Segment Open
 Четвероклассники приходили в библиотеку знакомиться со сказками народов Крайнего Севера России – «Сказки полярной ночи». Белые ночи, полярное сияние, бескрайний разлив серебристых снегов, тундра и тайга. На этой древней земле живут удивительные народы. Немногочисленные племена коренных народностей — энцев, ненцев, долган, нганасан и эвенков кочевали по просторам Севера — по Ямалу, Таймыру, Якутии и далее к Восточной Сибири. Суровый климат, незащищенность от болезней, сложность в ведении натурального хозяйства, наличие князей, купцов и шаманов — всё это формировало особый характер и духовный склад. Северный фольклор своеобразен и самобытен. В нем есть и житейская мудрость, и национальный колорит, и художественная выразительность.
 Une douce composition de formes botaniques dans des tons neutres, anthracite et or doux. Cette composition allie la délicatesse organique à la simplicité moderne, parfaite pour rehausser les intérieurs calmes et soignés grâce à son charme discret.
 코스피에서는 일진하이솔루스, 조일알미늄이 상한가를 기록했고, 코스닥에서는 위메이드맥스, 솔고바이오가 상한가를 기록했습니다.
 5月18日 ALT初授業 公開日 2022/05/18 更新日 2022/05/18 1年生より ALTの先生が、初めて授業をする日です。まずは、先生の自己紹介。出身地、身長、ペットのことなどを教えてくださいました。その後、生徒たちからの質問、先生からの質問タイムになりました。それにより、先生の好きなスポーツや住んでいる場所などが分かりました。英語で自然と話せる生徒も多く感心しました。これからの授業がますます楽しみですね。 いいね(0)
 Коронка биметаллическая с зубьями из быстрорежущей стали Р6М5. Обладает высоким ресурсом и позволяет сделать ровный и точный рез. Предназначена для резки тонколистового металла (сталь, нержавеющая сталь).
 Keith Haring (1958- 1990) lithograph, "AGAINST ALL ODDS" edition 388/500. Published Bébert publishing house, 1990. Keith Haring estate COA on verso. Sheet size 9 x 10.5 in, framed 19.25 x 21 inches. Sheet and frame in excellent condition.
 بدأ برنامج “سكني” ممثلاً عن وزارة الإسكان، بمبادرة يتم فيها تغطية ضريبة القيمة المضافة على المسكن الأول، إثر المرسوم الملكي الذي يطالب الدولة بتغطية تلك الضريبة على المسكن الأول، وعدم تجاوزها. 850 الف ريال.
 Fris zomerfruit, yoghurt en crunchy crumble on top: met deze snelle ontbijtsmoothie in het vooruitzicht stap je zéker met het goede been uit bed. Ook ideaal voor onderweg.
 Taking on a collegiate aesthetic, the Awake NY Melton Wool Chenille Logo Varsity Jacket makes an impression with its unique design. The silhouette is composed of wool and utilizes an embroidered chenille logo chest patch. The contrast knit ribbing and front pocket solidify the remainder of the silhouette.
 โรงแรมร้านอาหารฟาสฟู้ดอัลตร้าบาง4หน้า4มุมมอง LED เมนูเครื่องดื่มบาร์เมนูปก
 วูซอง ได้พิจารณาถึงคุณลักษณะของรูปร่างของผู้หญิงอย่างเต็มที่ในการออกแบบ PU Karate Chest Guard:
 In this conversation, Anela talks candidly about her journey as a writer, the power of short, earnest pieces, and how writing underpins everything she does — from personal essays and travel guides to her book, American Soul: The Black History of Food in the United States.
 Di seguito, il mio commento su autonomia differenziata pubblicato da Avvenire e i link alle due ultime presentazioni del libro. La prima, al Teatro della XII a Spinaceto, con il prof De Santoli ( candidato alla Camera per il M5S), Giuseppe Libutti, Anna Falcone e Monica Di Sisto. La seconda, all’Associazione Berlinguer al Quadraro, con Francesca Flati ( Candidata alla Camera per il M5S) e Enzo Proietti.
Segment Closed
> Your instructions
An exact copy of the lines above, from the one containing "코스피에서는 일진하이솔루스, 조일알미늄이" down to the one containing "Keith Haring (1958- 1990)" and including both, is the whole answer; retype it and nothing else.

> Answer to this problem
 코스피에서는 일진하이솔루스, 조일알미늄이 상한가를 기록했고, 코스닥에서는 위메이드맥스, 솔고바이오가 상한가를 기록했습니다.
 5月18日 ALT初授業 公開日 2022/05/18 更新日 2022/05/18 1年生より ALTの先生が、初めて授業をする日です。まずは、先生の自己紹介。出身地、身長、ペットのことなどを教えてくださいました。その後、生徒たちからの質問、先生からの質問タイムになりました。それにより、先生の好きなスポーツや住んでいる場所などが分かりました。英語で自然と話せる生徒も多く感心しました。これからの授業がますます楽しみですね。 いいね(0)
 Коронка биметаллическая с зубьями из быстрорежущей стали Р6М5. Обладает высоким ресурсом и позволяет сделать ровный и точный рез. Предназначена для резки тонколистового металла (сталь, нержавеющая сталь).
 Keith Haring (1958- 1990) lithograph, "AGAINST ALL ODDS" edition 388/500. Published Bébert publishing house, 1990. Keith Haring estate COA on verso. Sheet size 9 x 10.5 in, framed 19.25 x 21 inches. Sheet and frame in excellent condition.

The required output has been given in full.